If you are using Java 8, make sure to see pdf-rendering for JVM settings that may improve the speed of processing.

Common Text Extraction Challenges with PDFs

This is mostly a stub. The focus of this section is on extracting electronic text from the PDF with no OCR.

One could write several volumes on how text extraction from PDFs could go wrong. It would only be poetic justice for said author to print out those volumes, pour coffee on the paper, scan them in as PDFs on different scanners, some with OCR, some without, at different angles of rotation with user-defined fonts randomly deleted.

High level preliminaries:

0. Your matrix algebra (or, your tool's matrix algebra) has to be moderately advanced to do text extraction well.

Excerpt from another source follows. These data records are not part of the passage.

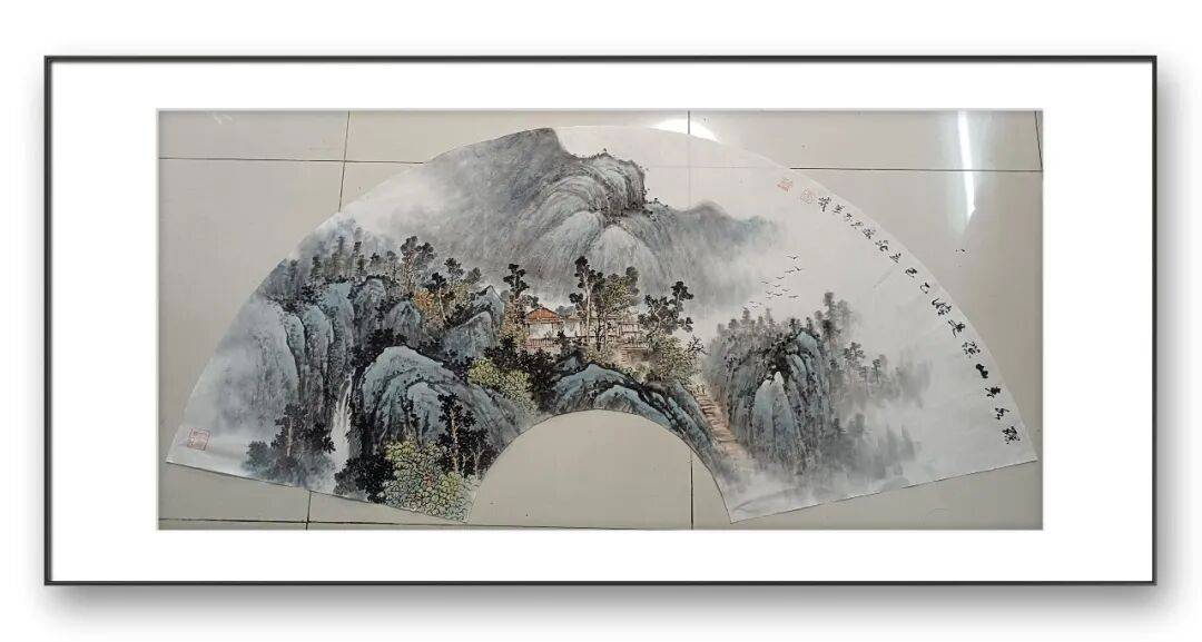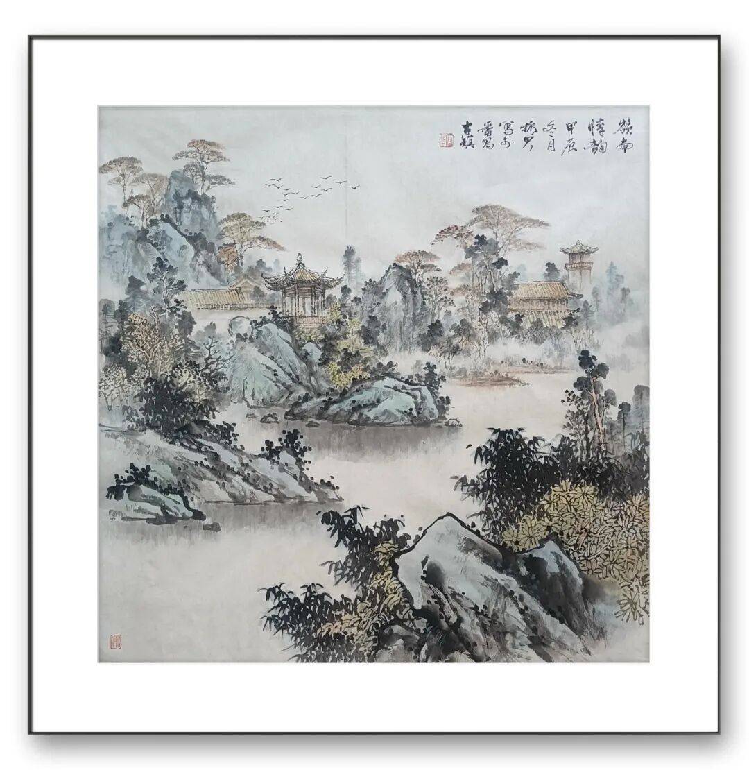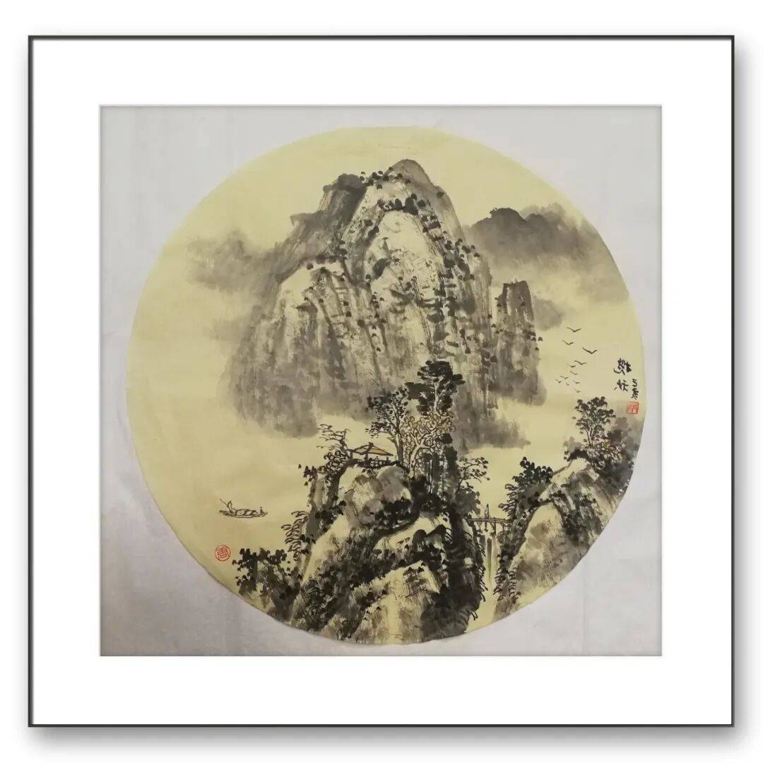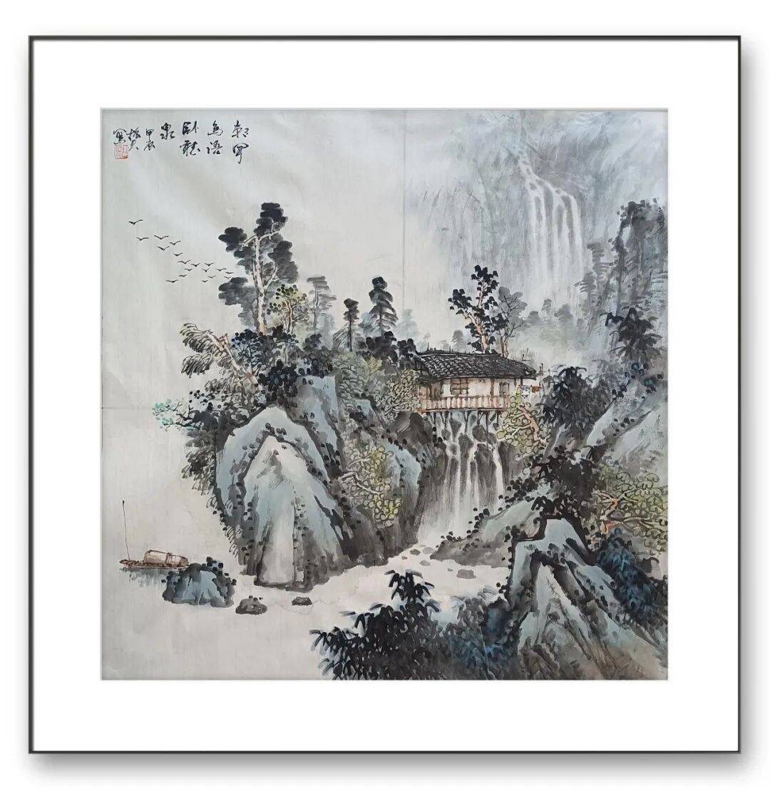 其次,作品意境蕴含着“天人合一”的人文情怀。唐振君先生将人文景观融入自然山水,亭台楼阁、舟桥屋舍的点缀,让山水不再是纯粹的自然景观,而是成为承载人文情感的空间。亭台立于山巅,石阶蜿蜒而上,似有人凭栏远眺,与自然相融共生;水岸屋舍错落,渔舟静泊水面,尽显田园牧歌式的生活气息。这些人文意象的植入,既延续了传统山水画“可游可居”的审美追求,又传递出人与自然和谐共生的当代理念,让山水作品超越了视觉审美,具备了精神抚慰的力量。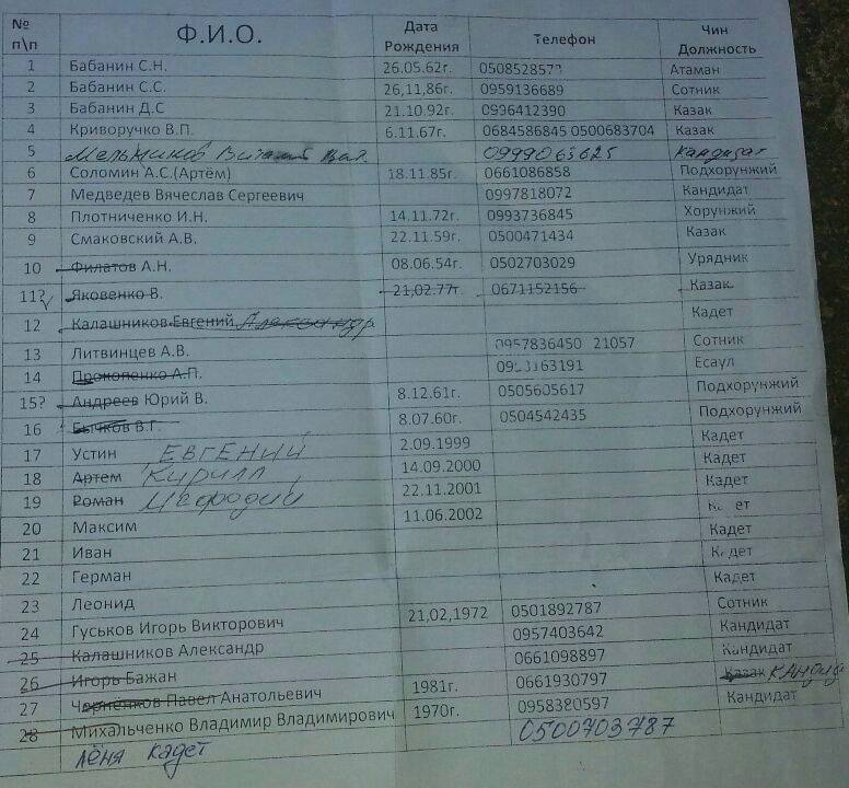 На фото: задержанный бойцами «Азова» Гуськов, фото его паспорта, список участников бердянского пророссийского казачества воюющих в так называемом «ополчении» Славянска.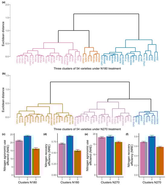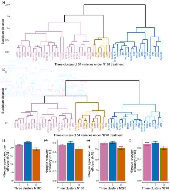 Three-cluster analysis for NUE performance based on AirMeasurer-derived target traits (canopy cover, canopy height, VARI, and NDYI) based on the 54 lines to identify high-, medium-, and low-NUE groups under (a) N180 and (b) N270 treatments. All variable measurements were standardized by the use of Z-scores. Agglomerative hierarchical clustering with Euclidean distance calculation was applied. Performance of cluster at N180 for NAE (c) and NRE (d), and at N270 for NAE (e) and NRE (f), shows that Cluster II (blue) contains the high-NUE lines at both treatments, Cluster I (pink) represents medium-NUE, and Cluster III (orange) represents low-NUE lines.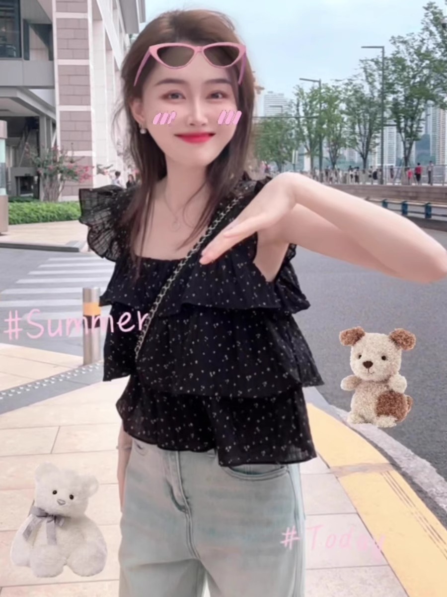 프랑스 스타일 스위트 웨이브 닷 작은 플라잉 슬리브 셔츠 여성의 여름 디자인 센스 에이지 감소 스퀘어 칼라 쉬폰 인형 셔츠 쇼트 탑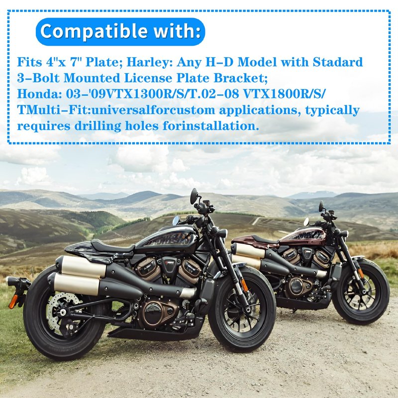 - 【Compatibility】Fit for Harley: Any H-D Model with Standard 3-Bolt Mounted License Plate Bracket & Universal for Custom Applications; Compatible with Honda: '03-'09 VTX1300R/S/T, '02-'08 VTX1800R/S/T & Universal for Custom Applications

  1. The PDF format is display-based not text-based
    1. One major goal is to display the same content on different devices b. A PDF may be image-only and contain no actual electronic text c. When there is electronic text, there may be no space characters stored in the text, rather spaces may appear in the rendering of the image via specific coordinates for the characters.
      2. The PDF format is page-based

Tables Aren't Extracted as Tables

Right. In PDF/UA (Universal Accessibility) tables can be stored with structural markup.  As of Tika 1.24, you can set "extractMarkedContent" = "true" via the PDFParserConfig, and Tika will extracted marked content, including tables, if the PDF was generated with marked content. 

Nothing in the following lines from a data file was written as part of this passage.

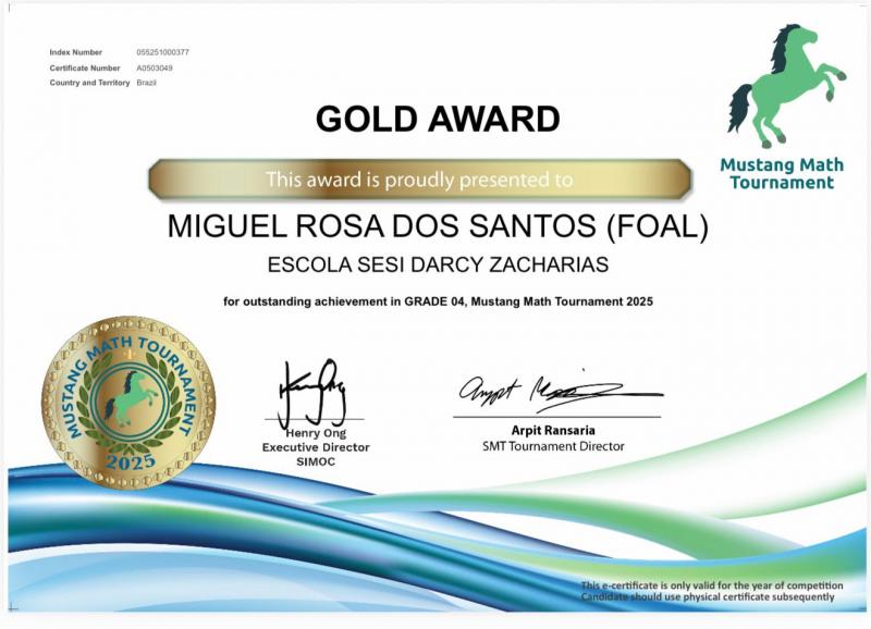2. Medalha de ouro na Mustang Math Tournament: Um feito notável, sendo Miguel o único brasileiro a conquistar o ouro em todas as categorias e grades da competição.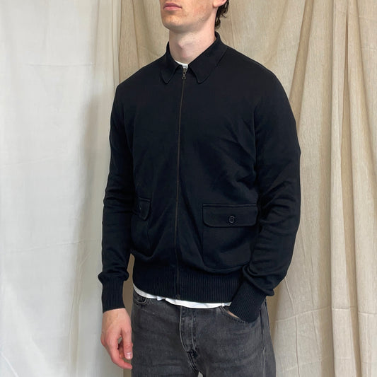 Prada Sport Black 2008 Cotton Knit Zip-Through Collared Cardigan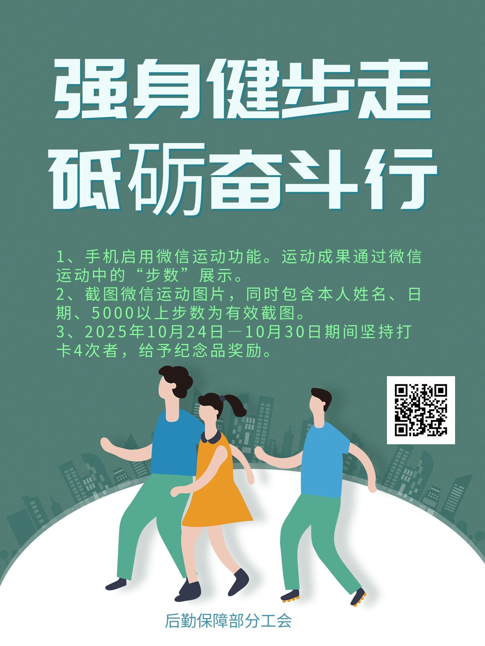 为激励部门职工以更饱满的状态投入工作与生活,后勤保障部分工会于近日发起“强身健步走,砥砺奋斗行”主题打卡活动,鼓励职工在活动期间,通过每日行走积累步数、坚持打卡,以行动践行健康理念。
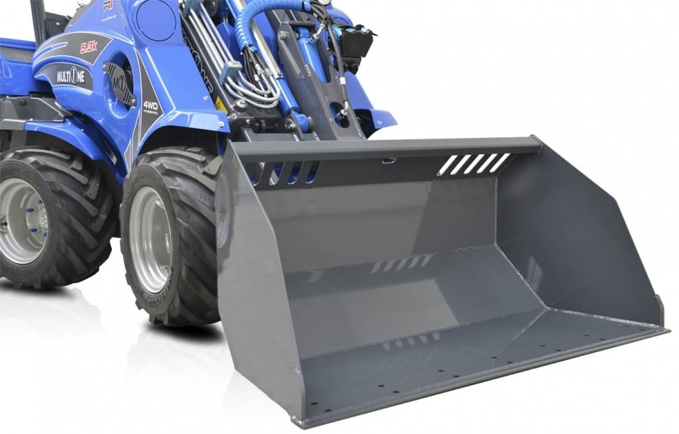 Nový design lopaty MultiOne zvyšuje objem a umožňuje dobrou viditelnost. Vnitřek lopaty je zcela hladký a boky se otevírají v mírném úhlu dopředu, což zaručuje snadné a úplné plnění a vyprazdňování všech druhů materiálů. Na horním konci lopaty jsou úzké otvory, které zlepšují viditelnost a zabraňují padání kamenů směrem k obsluze. Speciální konstrukce umožňuje stohovat kbelíky jedna do druhé, což šetří skladovací prostor (až 6 na paletě). K dispozici s břitem a zuby.
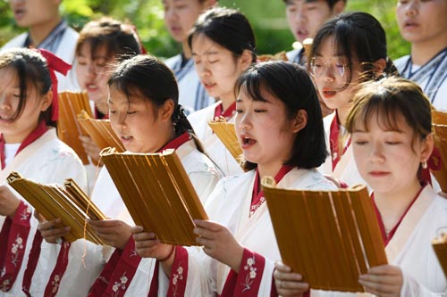 4月20日,在亳州職業技術學院,大學生們身著古裝閱讀各類書籍。當日,學院開展“著古裝 誦經典”迎接4月23日“世界讀書日”活動,營造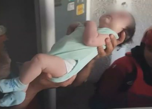 Στο συγκινητικό βίντεο, φαίνεται ο πυροσβέστης να κρατά στα χέρια του το μωρό, με τους συναδέλφους του να τον συμβουλεύουν να προσέχει.
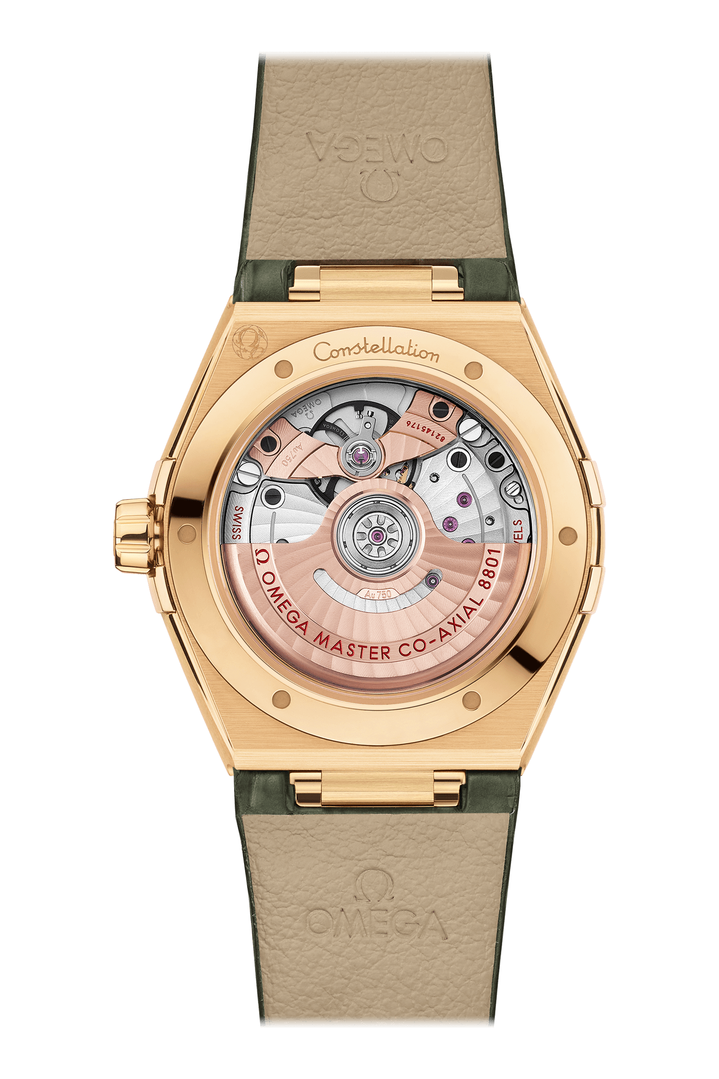 オリーブのレザーストラップが付属したこちらのタイムピースには、オメガ コーアクシャル マスター クロノメーター キャリバー 8801が搭載されており、傷のつきにくいドーム型サファイアクリスタルガラスから眺めることができます。

In many PDFs, tables are often not stored as tables. A human is easily able to see tables, but all that is stored in the PDF is text chunks and coordinates on a page (if there's any text at all). One needs to apply some advanced computation to extract table structure from a PDF. Tika does not currently do this. Please see TabulaPDF as one open source project that extracts tables from PDFs and maintains their structure. 

Note that as of 2023, we still see papers at research conferences on extracting structural elements (including tables) from PDFs – THIS IS NOT A SOLVED PROBLEM.  And, humorously, this kind of task is sometimes called "PDF remediation".

No Text

Mildly Garbled Text

Completely Garbled Text

No spaces/Extra spaces

See 1c. above. Depending on how the PDF was generated, it is possible that it doesn't store actual space characters. Rather software has to use coordinates on the page plus matrix algebra plus font information about the width of characters to "impute" where spaces would be. The math is the simple part; sometimes there can be missing or wrong font information that can lead to no spaces or extra spaces.

Word/Line breaks in the middle of my text ?!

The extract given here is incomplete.